(Supplied entries begins)

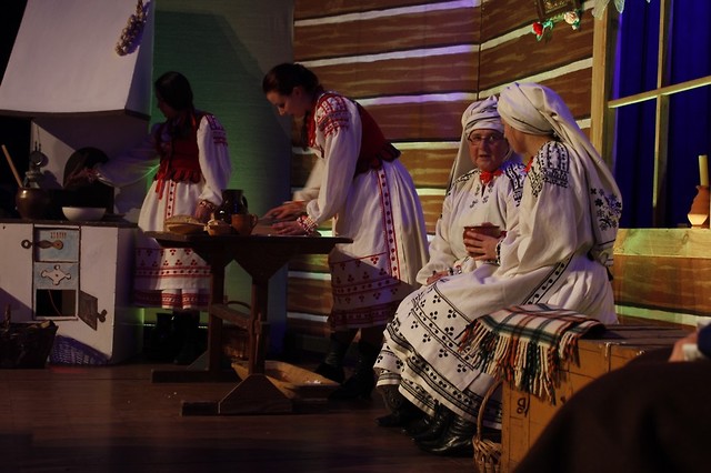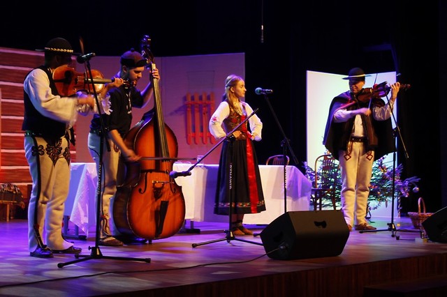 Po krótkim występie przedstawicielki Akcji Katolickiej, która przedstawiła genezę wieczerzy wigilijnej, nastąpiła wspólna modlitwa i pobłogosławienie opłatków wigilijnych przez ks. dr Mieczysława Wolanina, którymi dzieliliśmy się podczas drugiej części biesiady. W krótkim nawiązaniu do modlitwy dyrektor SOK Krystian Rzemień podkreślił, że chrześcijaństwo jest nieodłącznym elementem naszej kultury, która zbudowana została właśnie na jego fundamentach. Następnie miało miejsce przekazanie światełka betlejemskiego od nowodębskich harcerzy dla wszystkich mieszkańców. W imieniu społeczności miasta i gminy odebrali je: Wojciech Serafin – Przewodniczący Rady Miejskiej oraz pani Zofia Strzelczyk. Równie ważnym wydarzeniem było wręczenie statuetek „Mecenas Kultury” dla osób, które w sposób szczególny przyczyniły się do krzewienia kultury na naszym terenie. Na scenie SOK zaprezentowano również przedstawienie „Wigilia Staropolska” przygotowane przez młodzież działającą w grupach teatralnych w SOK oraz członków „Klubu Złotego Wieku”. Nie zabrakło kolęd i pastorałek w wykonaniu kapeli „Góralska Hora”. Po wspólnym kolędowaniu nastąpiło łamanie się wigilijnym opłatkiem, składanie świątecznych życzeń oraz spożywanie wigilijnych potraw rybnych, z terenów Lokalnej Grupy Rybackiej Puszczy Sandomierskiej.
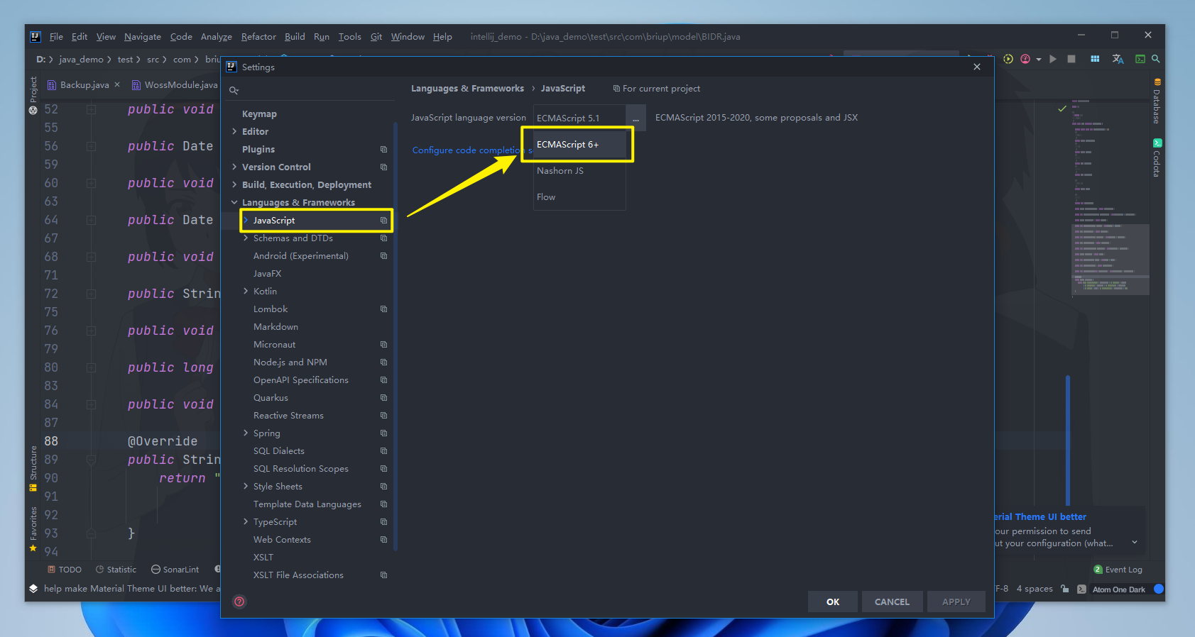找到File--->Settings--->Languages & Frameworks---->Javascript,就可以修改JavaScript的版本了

(Supplied entries ends)
(Supplied entries begins)

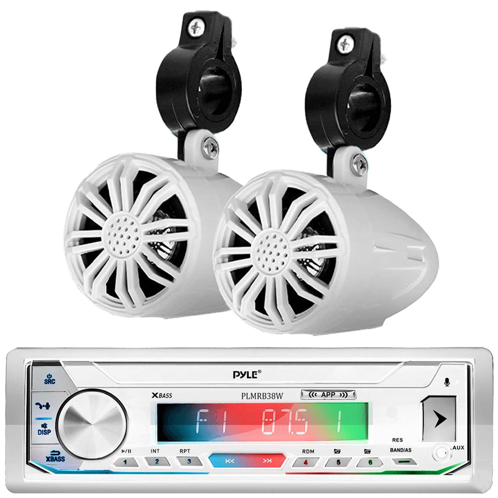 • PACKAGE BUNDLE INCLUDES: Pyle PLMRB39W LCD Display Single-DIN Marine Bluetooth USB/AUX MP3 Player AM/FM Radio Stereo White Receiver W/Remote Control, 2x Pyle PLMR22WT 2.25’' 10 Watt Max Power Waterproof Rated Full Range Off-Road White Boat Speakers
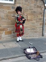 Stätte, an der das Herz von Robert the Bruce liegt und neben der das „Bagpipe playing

(Supplied entries ends)
(Supplied entries begins)

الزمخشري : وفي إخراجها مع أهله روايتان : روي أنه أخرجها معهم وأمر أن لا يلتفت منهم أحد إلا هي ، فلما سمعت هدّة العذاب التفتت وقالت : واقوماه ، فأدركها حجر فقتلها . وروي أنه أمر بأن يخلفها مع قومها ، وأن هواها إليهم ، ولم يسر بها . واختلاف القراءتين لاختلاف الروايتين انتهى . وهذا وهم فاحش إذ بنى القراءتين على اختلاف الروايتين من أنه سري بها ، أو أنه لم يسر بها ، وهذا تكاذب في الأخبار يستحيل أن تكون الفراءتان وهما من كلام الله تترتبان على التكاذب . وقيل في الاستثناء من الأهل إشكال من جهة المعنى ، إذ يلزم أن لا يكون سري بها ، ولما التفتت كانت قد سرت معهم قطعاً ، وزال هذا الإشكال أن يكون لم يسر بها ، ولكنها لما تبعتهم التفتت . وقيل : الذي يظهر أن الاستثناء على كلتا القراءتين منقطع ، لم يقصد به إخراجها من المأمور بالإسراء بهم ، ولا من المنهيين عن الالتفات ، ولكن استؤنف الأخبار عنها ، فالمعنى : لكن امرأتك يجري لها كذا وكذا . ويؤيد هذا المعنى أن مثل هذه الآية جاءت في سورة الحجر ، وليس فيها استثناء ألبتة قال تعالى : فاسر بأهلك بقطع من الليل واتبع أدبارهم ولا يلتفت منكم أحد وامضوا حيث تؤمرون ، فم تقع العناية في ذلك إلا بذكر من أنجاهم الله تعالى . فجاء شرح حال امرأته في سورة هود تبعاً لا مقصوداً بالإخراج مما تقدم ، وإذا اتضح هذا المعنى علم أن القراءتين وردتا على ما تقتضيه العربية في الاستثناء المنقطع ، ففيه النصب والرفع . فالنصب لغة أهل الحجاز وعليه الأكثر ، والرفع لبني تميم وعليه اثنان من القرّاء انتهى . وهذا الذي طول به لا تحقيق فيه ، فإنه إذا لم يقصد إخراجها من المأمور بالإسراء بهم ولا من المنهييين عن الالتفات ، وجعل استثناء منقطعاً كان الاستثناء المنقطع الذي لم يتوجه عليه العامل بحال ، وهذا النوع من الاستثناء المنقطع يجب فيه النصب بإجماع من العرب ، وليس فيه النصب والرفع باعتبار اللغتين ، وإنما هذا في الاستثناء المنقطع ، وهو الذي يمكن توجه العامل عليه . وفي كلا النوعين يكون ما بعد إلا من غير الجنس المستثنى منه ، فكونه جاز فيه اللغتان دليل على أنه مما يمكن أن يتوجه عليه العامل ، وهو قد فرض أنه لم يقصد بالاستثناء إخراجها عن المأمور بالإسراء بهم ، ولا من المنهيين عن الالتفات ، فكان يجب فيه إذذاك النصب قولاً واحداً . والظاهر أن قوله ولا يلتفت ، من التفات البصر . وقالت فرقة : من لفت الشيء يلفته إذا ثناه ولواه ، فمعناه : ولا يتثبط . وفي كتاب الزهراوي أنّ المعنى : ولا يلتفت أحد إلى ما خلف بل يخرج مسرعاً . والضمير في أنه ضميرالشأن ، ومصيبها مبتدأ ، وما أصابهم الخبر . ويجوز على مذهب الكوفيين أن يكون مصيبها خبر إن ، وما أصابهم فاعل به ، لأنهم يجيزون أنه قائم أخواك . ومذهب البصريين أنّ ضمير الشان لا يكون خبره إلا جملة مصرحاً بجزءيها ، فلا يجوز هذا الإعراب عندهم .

(Supplied entries ends)

→ What to do: Transcribe only the lines above that start at the line containing "White Boat Speakers" and end at the line containing "Stätte, an der". Omit pictures.

→ Output of the exercise:
 • PACKAGE BUNDLE INCLUDES: Pyle PLMRB39W LCD Display Single-DIN Marine Bluetooth USB/AUX MP3 Player AM/FM Radio Stereo White Receiver W/Remote Control, 2x Pyle PLMR22WT 2.25’' 10 Watt Max Power Waterproof Rated Full Range Off-Road White Boat Speakers
 Stätte, an der das Herz von Robert the Bruce liegt und neben der das „Bagpipe playing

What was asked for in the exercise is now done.